Edwards works behind a line anchored by senior Matt Mascia at center with juniors Patrick Flynn and Riley Burns at the tackles and sophomores Osho Omoyeni and Matt O’Neill at guard.

Junior Carlos Washington, Jr., sophomore Dylan Laube, redshirt freshman Isaac Seide and sophomore Jacob Post make running back a position of strength.

Juniors Brian Espanet and Sean Coyne, senior Nick Lorden and sophomore Charles Briscoe III are among the threats as receivers along with sophomore tight end Kyle Lepkowski.

The defense had a big year in 2019, particularly while closing out the season with a win over Maine, and also impressed in the spring game against Albany. Senior defensive tackle Elijah Lewis has started 33 games and Horn 30. Junior Niko Kvietkus plays tackle alongside Lewis and junior Gunner Gibson is at one end spot and freshman Josiah Silver the other.

Senior Pop Bush and redshirt freshman Noah Stansbury are safeties along with Horn and sophomores Derek Thompson and Randall Harris are the corners.

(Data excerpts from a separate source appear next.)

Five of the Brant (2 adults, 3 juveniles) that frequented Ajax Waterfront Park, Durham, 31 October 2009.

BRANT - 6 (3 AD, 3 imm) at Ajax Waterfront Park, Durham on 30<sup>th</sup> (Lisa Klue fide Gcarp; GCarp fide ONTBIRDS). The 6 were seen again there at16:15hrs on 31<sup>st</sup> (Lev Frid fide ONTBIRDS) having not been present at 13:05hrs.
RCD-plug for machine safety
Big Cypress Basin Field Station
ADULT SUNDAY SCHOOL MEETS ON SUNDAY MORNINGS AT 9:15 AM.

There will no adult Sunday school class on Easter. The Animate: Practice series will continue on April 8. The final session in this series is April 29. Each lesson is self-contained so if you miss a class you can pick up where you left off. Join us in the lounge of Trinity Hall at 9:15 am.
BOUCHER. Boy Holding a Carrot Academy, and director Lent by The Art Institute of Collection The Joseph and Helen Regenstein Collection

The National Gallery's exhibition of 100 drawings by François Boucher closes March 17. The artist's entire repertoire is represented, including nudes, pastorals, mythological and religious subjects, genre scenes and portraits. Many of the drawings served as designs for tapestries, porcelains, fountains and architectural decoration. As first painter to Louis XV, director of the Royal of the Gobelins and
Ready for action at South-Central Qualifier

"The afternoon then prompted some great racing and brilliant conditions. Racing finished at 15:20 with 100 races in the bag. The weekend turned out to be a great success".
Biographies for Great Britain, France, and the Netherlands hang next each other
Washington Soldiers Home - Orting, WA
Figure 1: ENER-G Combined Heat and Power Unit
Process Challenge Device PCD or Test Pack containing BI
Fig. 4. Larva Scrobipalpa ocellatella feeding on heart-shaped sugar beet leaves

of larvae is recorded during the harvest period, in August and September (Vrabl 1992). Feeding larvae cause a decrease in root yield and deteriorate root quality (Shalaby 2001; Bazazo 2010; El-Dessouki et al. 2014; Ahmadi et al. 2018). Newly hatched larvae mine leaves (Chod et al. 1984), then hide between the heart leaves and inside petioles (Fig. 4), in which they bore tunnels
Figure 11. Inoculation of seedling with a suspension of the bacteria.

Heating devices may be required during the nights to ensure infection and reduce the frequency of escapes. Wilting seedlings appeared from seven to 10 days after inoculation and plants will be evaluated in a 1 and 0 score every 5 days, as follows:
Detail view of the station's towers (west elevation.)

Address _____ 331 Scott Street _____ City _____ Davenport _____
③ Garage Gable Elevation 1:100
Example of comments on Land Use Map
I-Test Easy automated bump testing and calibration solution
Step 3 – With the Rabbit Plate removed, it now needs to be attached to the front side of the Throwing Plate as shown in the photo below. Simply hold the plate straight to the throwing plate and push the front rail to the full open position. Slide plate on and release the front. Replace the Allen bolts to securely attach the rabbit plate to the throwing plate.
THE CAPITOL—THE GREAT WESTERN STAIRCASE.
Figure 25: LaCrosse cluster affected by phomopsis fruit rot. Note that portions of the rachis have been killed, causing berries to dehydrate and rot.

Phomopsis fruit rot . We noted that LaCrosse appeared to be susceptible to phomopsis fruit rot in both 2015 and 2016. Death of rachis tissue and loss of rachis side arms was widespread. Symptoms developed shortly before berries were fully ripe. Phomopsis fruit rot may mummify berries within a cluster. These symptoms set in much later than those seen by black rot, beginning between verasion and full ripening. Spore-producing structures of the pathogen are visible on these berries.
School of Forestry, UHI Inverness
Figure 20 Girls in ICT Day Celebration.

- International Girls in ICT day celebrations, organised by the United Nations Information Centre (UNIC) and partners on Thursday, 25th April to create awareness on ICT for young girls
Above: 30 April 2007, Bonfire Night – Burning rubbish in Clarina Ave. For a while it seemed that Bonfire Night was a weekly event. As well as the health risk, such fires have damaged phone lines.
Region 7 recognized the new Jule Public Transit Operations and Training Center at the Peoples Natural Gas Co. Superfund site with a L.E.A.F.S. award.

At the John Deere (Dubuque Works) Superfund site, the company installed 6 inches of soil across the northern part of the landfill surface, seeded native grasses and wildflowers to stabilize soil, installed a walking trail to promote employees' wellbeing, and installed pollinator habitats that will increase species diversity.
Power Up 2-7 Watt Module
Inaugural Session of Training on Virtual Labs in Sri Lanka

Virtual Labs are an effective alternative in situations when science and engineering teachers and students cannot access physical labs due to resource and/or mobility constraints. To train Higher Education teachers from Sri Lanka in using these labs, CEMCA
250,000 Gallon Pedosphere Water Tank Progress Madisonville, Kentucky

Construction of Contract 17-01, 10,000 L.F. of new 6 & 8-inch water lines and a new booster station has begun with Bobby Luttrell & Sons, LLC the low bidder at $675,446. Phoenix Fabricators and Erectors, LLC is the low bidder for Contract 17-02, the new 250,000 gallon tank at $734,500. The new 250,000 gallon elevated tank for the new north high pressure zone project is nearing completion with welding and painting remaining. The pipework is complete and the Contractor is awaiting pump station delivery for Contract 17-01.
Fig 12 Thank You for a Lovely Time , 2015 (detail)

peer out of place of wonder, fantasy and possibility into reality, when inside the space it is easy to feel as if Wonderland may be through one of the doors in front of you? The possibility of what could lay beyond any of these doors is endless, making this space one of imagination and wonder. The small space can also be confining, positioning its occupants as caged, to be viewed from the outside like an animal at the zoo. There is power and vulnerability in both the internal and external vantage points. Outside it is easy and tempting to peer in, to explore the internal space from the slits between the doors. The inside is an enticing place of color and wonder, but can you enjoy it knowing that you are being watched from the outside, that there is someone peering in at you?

The starting linebackers are sophomore Bryce Shaw, a transfer from Navy, and redshirt freshman Ryan Toscano. They’re backed up by redshirt freshman Zedane Williams and freshman Brandon Perkins at linebacker. Oleh Manzyk, who started as a freshman in 2019, is out with an injury.

McDonnell said he likes the way junior Jordan Conn, who has won the kickoff and place-kicking duties, has come on. Redshirt freshmen Aidan Cadogan and Sean Lehane may share the punting work to start.

XTRA POINTS 

  • Stony Brook had a 1-3 record in its abbreviated spring season.
  • The Seawolves were 5-7 in 2019.
  • UNH beat Stony Brook, 20-14, its last game in Lavalle Stadium on Oct. 12, 2019.
  • The Seawolves like to run the ball and had 206 yards rushing in that game.
  • Ty Son Lawton, now a junior, carried 23 times for 124 yards and a score.
  • Espanet caught a pair of touchdown passes from Brosmer last time out at Stony Brook.
  • Grad student quarterback Tyquell Fields is back to lead the Seawolves.